# WHAT YOU HAVE TO DO
One exact copy of the listing, minus the images, is the required answer.

# DATA BELOW
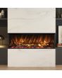 The Arteon inset electric fire is designed to allow a one, two or three-sided installation, which is a new innovation in versatility. With the 5D flame effect, glowing ember effect and new realistic, hand painted log display, the panoramic design creates a beautiful visual impact. The Arteon is one of the most technologically advanced electrical fires, with 3 flame color settings combined with 13 fuel bed colors that can be coupled to an optional LED mood lighting kit. This kit includes a 3 metre LED light strip and a 1 metre cable, which is then controlled using the normal remote control which operates all the other great features. The fuel effect is composed of crystals, pebbles, slate + bark that can be arranged as you like, and the glowing ember bed boosts the fire's realism.
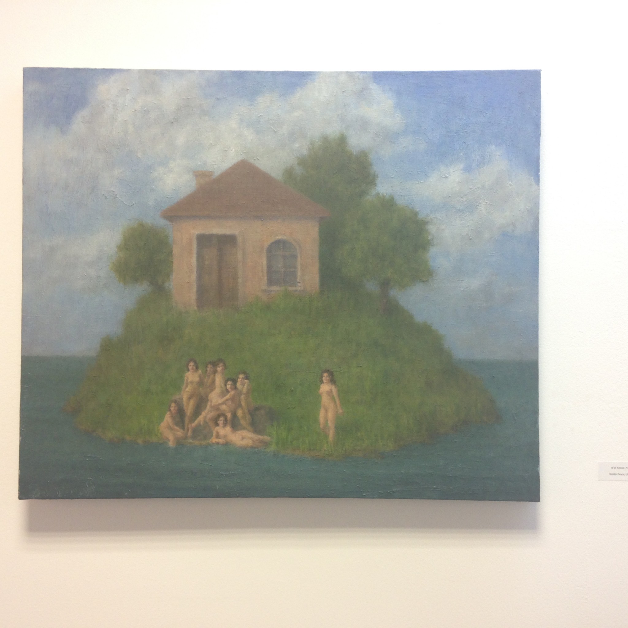 Naor’s islands with a single structure on them are atemporal and ahistorical, bearing memories and western utopian thought in an absurd encounter between landscape painting and Surrealism à la Magritte. Naor’s wonderful light touch with color, transparency and brushwork has been replaced by opacity, making the works simplistic, lacking in power. Naor’s previous works are so good they make one wonder about the new works exhibited here. I wait to see his future paintings.
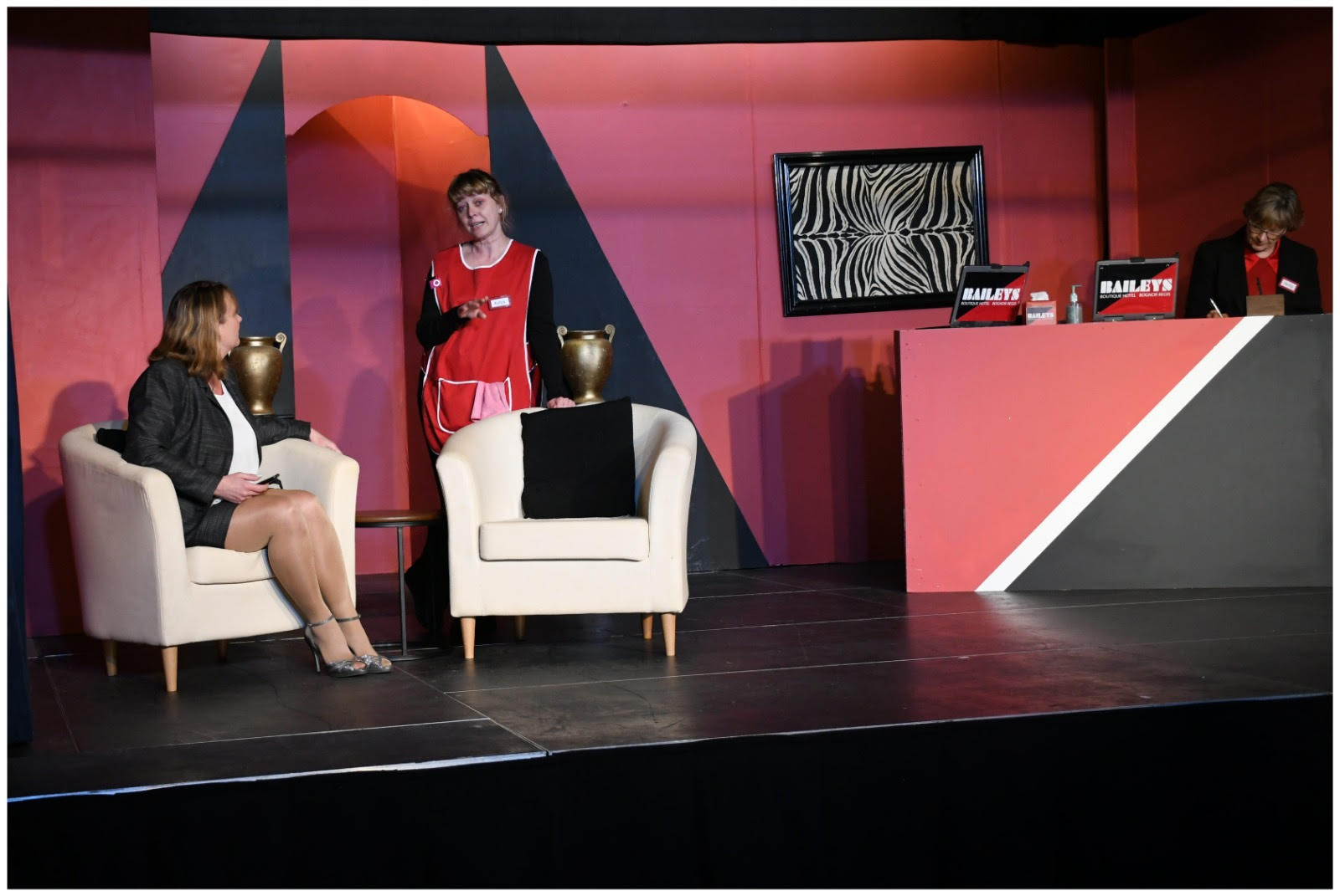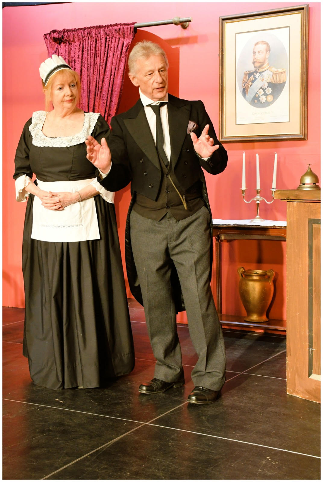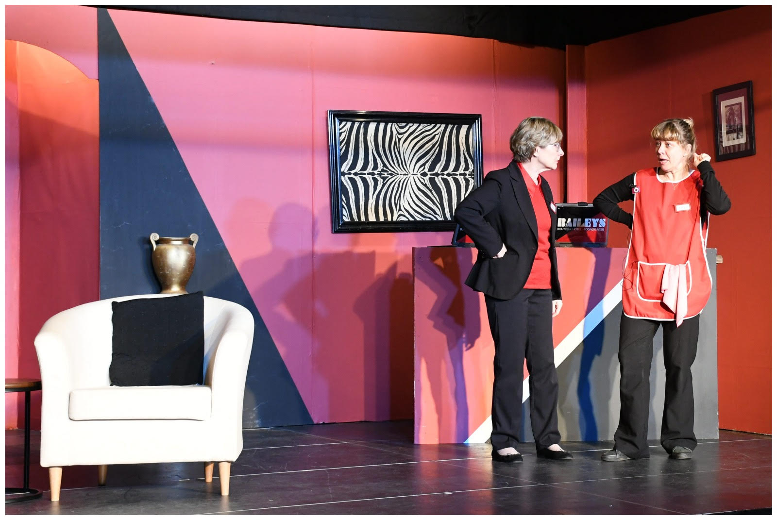 Mike Keith, as the hotel manager Mr. Swinton, did a great job in conveying the confusion of the establishment at this time in attempting to uphold traditional values and yet barely keeping the frayed edges together. Boxford Drama Group newcomers Jane Jeffries and Ellie Chamberlain, as dysfunctional mother and daughter Clarissa and Amelia Pinkerton-Smythe were the stars of the show with some fantastic characterisation and nuanced performances and long may they tread the BDG boards.

# ANSWER FOR THIS EXERCISE
 The Arteon inset electric fire is designed to allow a one, two or three-sided installation, which is a new innovation in versatility. With the 5D flame effect, glowing ember effect and new realistic, hand painted log display, the panoramic design creates a beautiful visual impact. The Arteon is one of the most technologically advanced electrical fires, with 3 flame color settings combined with 13 fuel bed colors that can be coupled to an optional LED mood lighting kit. This kit includes a 3 metre LED light strip and a 1 metre cable, which is then controlled using the normal remote control which operates all the other great features. The fuel effect is composed of crystals, pebbles, slate + bark that can be arranged as you like, and the glowing ember bed boosts the fire's realism.
 Naor’s islands with a single structure on them are atemporal and ahistorical, bearing memories and western utopian thought in an absurd encounter between landscape painting and Surrealism à la Magritte. Naor’s wonderful light touch with color, transparency and brushwork has been replaced by opacity, making the works simplistic, lacking in power. Naor’s previous works are so good they make one wonder about the new works exhibited here. I wait to see his future paintings.
 Mike Keith, as the hotel manager Mr. Swinton, did a great job in conveying the confusion of the establishment at this time in attempting to uphold traditional values and yet barely keeping the frayed edges together. Boxford Drama Group newcomers Jane Jeffries and Ellie Chamberlain, as dysfunctional mother and daughter Clarissa and Amelia Pinkerton-Smythe were the stars of the show with some fantastic characterisation and nuanced performances and long may they tread the BDG boards.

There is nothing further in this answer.